An dieser Stelle danke an alle, die fleißig dabei waren und kommentiert haben. Ich freue mich, euch am 7. März wieder auf ESC-Kompakt zum Dansk Melodi Grand Prix begrüßen zu dürfen und wünsche euch bis dahin eine tolle Woche!


197 Kommentare

  1. @ Florian: alles gut 😉 Wenn man halt schon etwas älter ist, dann weiß man so was. Und ich finde es toll, was ihr hier auf die Beine stellt und uns informiert! Danke dafür.

  2. Au ja, der serbische Sieg 2007. Freut mich wirklich für die Serben. Hätte mich aber noch mehr gefreut, wenn Molitva auch noch gut gewesen wäre (Nein, Ukraine war nicht mein Favorit). 🙂

      • Hab nur mal in einem artikel über sie gelesen, dass gegen sie ziemlich gehetzt wurde, von wegen lesbierin und so. Aber serbien soll ja in der beziehung ein bisschen offener geworden sein.

    • Wenn jemand aus Spanien behaupten würde, dass Lena in Deutschland gar nicht mal so beliebt ist, wäre das sicher auch diskutabel …

  3. Oh, Lejla. Das finde ich zum Beispiel besser als Molitva. Klar, an bosnische Meisterwerke der 90er kommt das auch nicht ansatzweise ran, aber ich höre den Song wirklich gerne.

  4. Hari Mata Hari (wie heisst der Sänger eigentlich wirklich?) gerade mit sehr schöner Old-Old-School-Unterhaltung, die ihn älter wirken lässt als er vermutlich ist 😉 – meine gerade eine schöne Ennio Morricone Hommage im Bläser-Solo gehört zu haben.

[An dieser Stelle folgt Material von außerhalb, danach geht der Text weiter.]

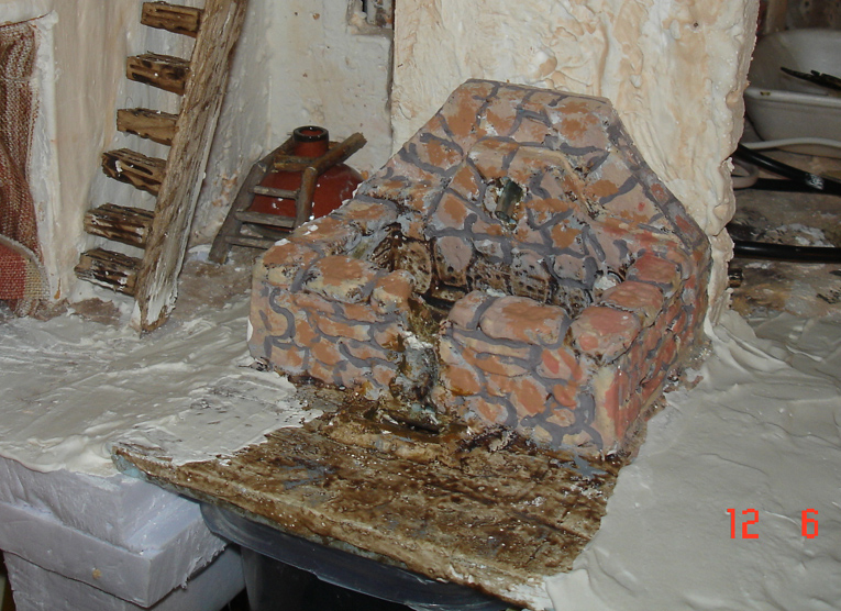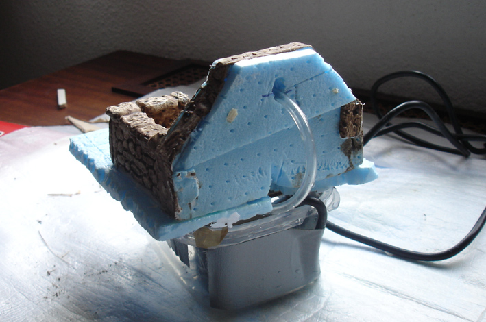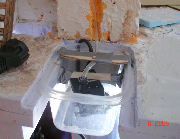 Por lo que cuentas tu intención es poner la botella cortada por la mitad ¿no?. Vale. Puedes revestirlo con escayola o mejor con cemento moreno y después aplicarle una pintura verde antihumedad (compra el bote pequeño, y así y todo, te sobrará). Una vez seca esta pintura, puedes darle la tonalidad que quieras.... otro método puede ser pegar en la pared pequeñas piedras con cola o incluso arena, porque si no es mucho tramo lo que tienes que disimular, por el asunto del coste, te saldrá más barato poner piedras o arena pegadas. Yo en cuanto a las fuentes hago lo siguiente: con un taper hago la base donde va a parar el agua y de donde vuelve a subir , sobre una pared, hago la decoración que quiero con porex y me las ingenio para que el agua nunca toque el porex pero que parezca que sí lo hace; el efecto lo puedes conseguir si poner la fuente de frente al espectador y en el fondo musgo, piedras..., el chorro del agua si lo abres en vez de que salga directamente de un tubo estrecho, te dará la sensación de cascada amplia y a los ojos del espectador que cae por la pared... pero si quieres que de verdad chorree por toda la botella, preocupate de impermeabilizar (más que nada por la humedad y la electricidad) y de que el cauce no tenga grietas... para ello, cemento moreno y pintura antihumedades.
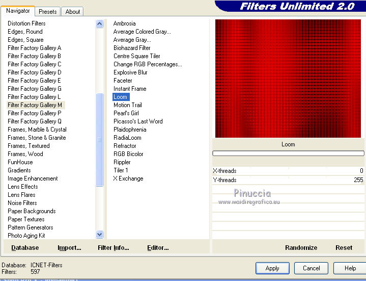 22. Effetti>Plugins>Filters Unlimited - Filter Factory Gallery M - Loom, con i settaggi standard.
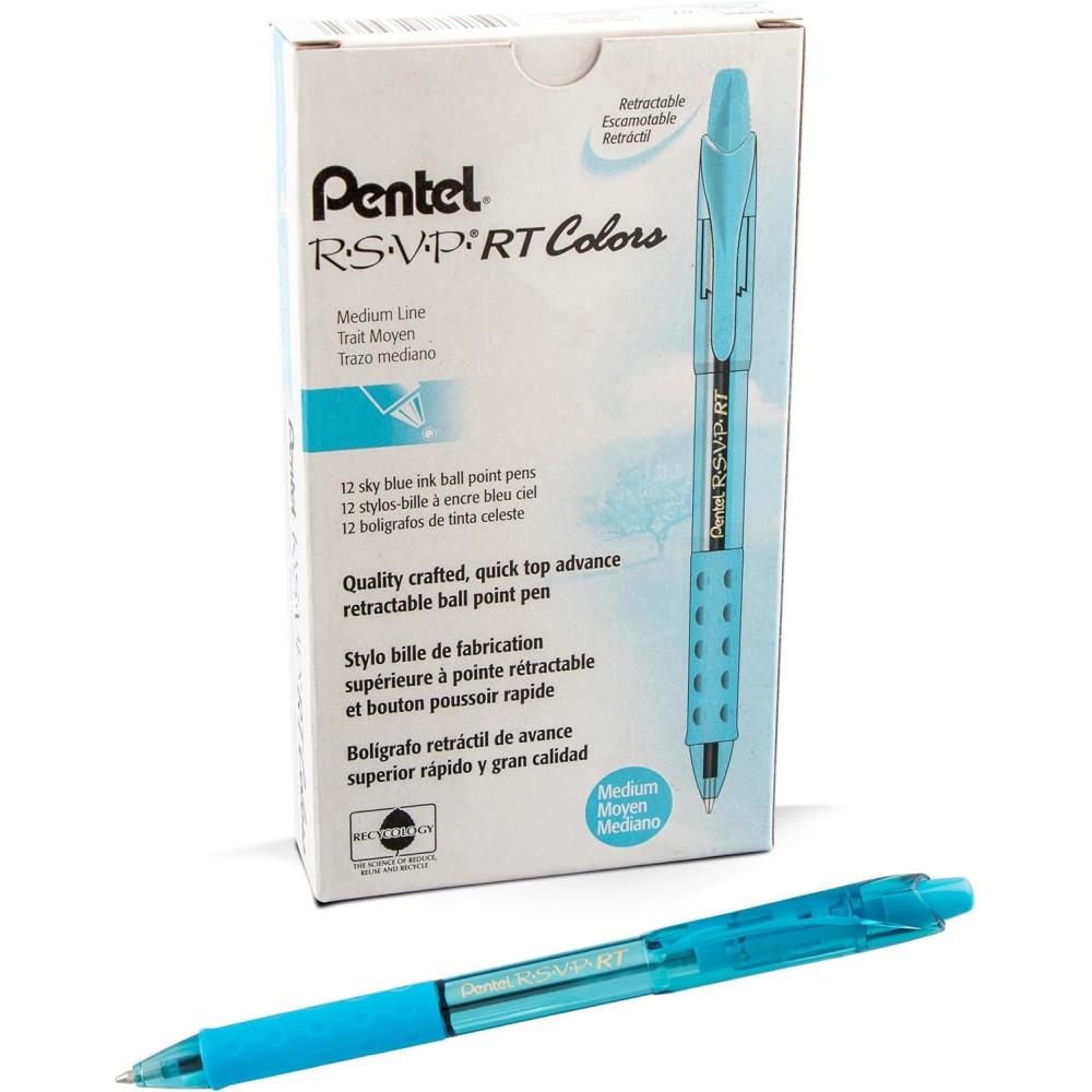 Pentel R.S.V.P. RT Colors New Retractable Ballpoint Pen, Medium Line, Blue Ink, 6 Pack (BK93CRBP6C)(Sky Blue)
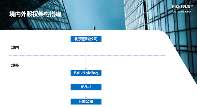 RICHFUL瑞丰协助以客户实质经营为出发点,综合考虑游戏行业会涉及的税务、资金、融资、激励、知识产权?;さ确矫?,为客户重构了境内外股权架构,并协助客户完成公司注册及海外账户开立。

  5. Habe für mich vorläufig Milan & Olivera, Andrija, Lift und mit Abstrichen Igor & Thea gezogen. Wobei die Leuchtmittelreklame irgendwie skurril themenfremd war. Die Gala-Show-Auftritte und Nummerngirls sind ja allgemein nicht so mein Ding.

  6. Hach, das ist ja ein paradiesischer Abend für alle, die Musik vom Balkan mögen. Also für mich. 🙂
    Mein Kumpel Marko ist vor Ort und berichtet live aus dem Studio, in dem ein Publikum von 80 Leuten Stimmung machen soll. LOL Jetzt fehlt wohl nur noch Kaliopi.

      • ROFL
        Im Beovizija-Studio ist wohl eine Dame vor Ort, die nur dafür zuständig ist, das Publikum dazu zu animieren, Fotos und Videos zu machen, wenn die Kamera sich von hinten anschleicht. Von vorne wird das Publikum nie gezeigt. Schade für die Damen, die sich hübsch geschminkt haben …

  7. Na, Andrija Jo wird regelrecht gekillt von den Jurys…ein Punkt bleibt übrig. Hasta La Vista gewinnt das Juryvoting. Na, wenn das Televoting den Sieg verhindert, fress ich nen Besen!

    • Die drecks Jury hat Andrija gef* man, solche arschl* ich kann aber mit dem Sieg von Hurricane leben, dennoch hätte Andrija mindestens den zweiten Platz verdient

  8. Oje. So eine tolle Show mit guten Liedern, und dann gewinnt so was. Wie im letzten Jahr falsch gewählt. Das wird nix, Serbien. Schade.

    • Bei mir ist es nach wie vor Moldau. „Hasta la vista“ ist zwar eigentlich auch für die Tonne, aber irgendwie gehört solcher Trash dazu. Den schönen Balkansound gibt es ja schon von Kroatien.

      Ich bin noch gnädig und werte mit 2/10 – etwa auf dem Niveau des deutschen Beitrags (sorry)

      I

  9. Ich kotze im Strahl, dass diese Balkan-Pussycats gewonnen haben mit ihren billigen Outfits….
    HOW DARE YOU, SERBIA?!!!!!!!?!?!?

  10. der balladenmob? tobt wieder – ist viel zu schnell – woll?
    mit der nummer gewinnen die keinen blumentopf – war voll und ganz bei rumänien daher nur die votingphase mitbekommen.